(Apr. 18, 2011) On April 15, 2011, the Court of Appeals in Abuja, Nigeria, upheld a February 23, 2011, Federal High Court ruling barring the Independent National Electoral Commission (INEC, an institution with a Constitutional mandate to conduct elections in Nigeria including gubernatorial elections) from holding gubernatorial elections in five of the 36 Nigerian states (Kogi, Sokoto, Cross River, Adamawa, and Bayelsa) in 2011. (Camillus Eboh, Nigeria Court Cancels Governorship Polls in 5 States, REUTERS (Apr. 16, 2011).)

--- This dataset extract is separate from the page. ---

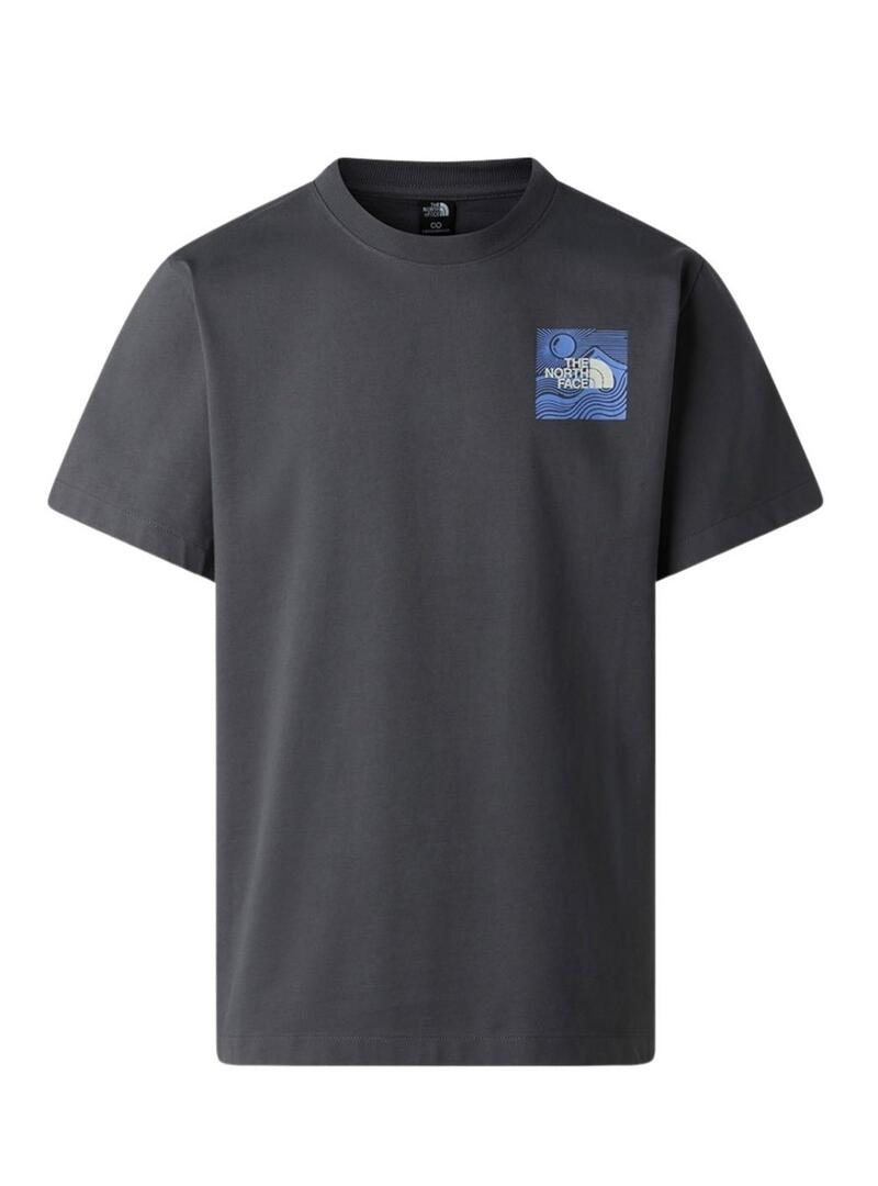 Maglietta The North Face. Modello Mountain. Colore antracite. Girocollo. Manica corta. Vestibilità ampia. Illustrazione stampata sulla schiena in blu e rosa. Logo stampato sul petto.

The governors, in their case before the High Court, had argued that their seats should not be contested in the 2011 election season because they have not completed their full terms, due to the regular 2007 elections in their states being nullified and their waiting until 2008 to take the oaths of office (which marks the beginning of a governorship term) after winning re-run elections. (Hanibal Goitom, Nigeria: INEC Appeals Court Ruling Exempting Five States from Upcoming Gubernatorial Elections, GLOBAL LEGAL MONITOR (Apr. 7, 2011).) INEC, in turn, had argued that because the governors won the re-run elections, their tenure commenced on the day they took their first oath of office. (Id.) The High Court had sided with the governors and banned INEC from holding elections in these states, a ruling INEC appealed to the Court of Appeal in Abuja.
The Court of Appeals, in siding with the ruling of the High Court to ban INEC from holding gubernatorial elections in these states, noted that “[i]n law, there were no elections in the five states in April 2007 … Nobody can be validly elected in an invalid election.” (Eboh, supra.)